Bowl games typically have little or no impact on recruiting. Prospects, unlike fans, aren’t so easily swayed by one-game outcomes, especially when they’re not all that emotionally invested.

Still, four-star linebacker commit Leo Lewis announced on Twitter during the game he was dropping his three official visits, which included a trip to Ole Miss Jan. 23. He plans to schedule three others. Five-star defensive lineman CeCe Jefferson remains in play, as does five-star WR DaMarkus Lodge, four-star DL Kyle Phillips (but for how long?), four-star WR Van Jefferson, three-star guard Kendrick Norton and a host of others.

If Ole Miss proved anything in its blowout loss to TCU it’s that for how close the Rebels are to being among the nation’s elite, they have talent gaps. They need more high-quality players. Immediate-impact talent.

Take quarterback, for example. For better or worse, Bo Wallace, the good and bad version, is gone. Much of what you’ll read from here until kickoff against UT Martin Sept. 5 will be focused on who replaces him. Devante Kincade played sparingly Wednesday. Ryan Buchanan never saw the field. Ole Miss head coach Hugh Freeze has to soon make a decision on whether to keep or cut ties with four-star junior college transfer Chad Kelly.

Regardless, I have a hunch Ole Miss isn’t done exploring the quarterback market.

“It’s time to go,” Buchanan said. “I think both me and Kincade, we’ve both looked forward to this day. It doesn’t come as a shock. Bo’s done. We’ve prepared for this. We know spring’s going to be a big deal for us, and whoever we compete with, I have confidence I can run this. But I’ve got to show it in spring and I’ve got to show it in fall camp next year. I’ll be ready to go.”

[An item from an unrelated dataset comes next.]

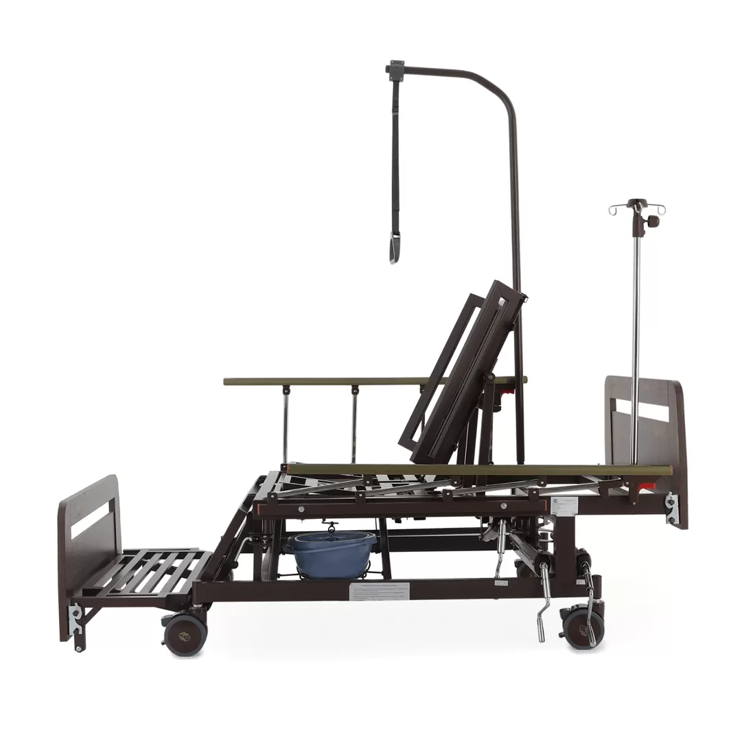 - туалетное устройство — медицинская кровать с туалетом позволяет пациенту избежать лишних движений при справлении естественных надобностей, что очень важно при тяжелых травмах и заболеваниях.

Ole Miss was riding high following the Egg Bowl. The Rebels completely reversed course from its 30-0 loss at Arkansas. A fan base growing somewhat uneasy was fully back on board.

Then the Peach Bowl happened. TCU, likely the preseason No. 1 team, played like the far superior team. The Rebels had nothing to offer, their offensive line dominated, No. 1 scoring defense picked apart and senior quarterback, for all the good he did in his Ole Miss career, forced to exit with one of the worst performances of his career.

Chalk it up to a bad day if you’d like. The reality is Ole Miss dropped its last three games away from home by an 82-10 margin.

“Like coach Freeze always says, this DNA will never be seen again. This team will never be mentioned again,” Kincade said. “We made a lot of good ups and downs. But coming in next year, it’s going to be a different story.”

The grounds crew acted quickly to remove the midfield Peach Bowl logo once the clock struck zero and the stands emptied completely. Methodically they worked, swipe after swipe with their golf cart until all that was left was a green circle of nothing but Dome turf.

It’s as if the game had never happened. Ole Miss would like to think it never did. For coaches, players and fans alike, the sting will fade away eventually. In the end, the Peach Bowl will go down as nothing more than another score in the bowl history section of the media guide. So it goes.

What happens next is the fascinating part.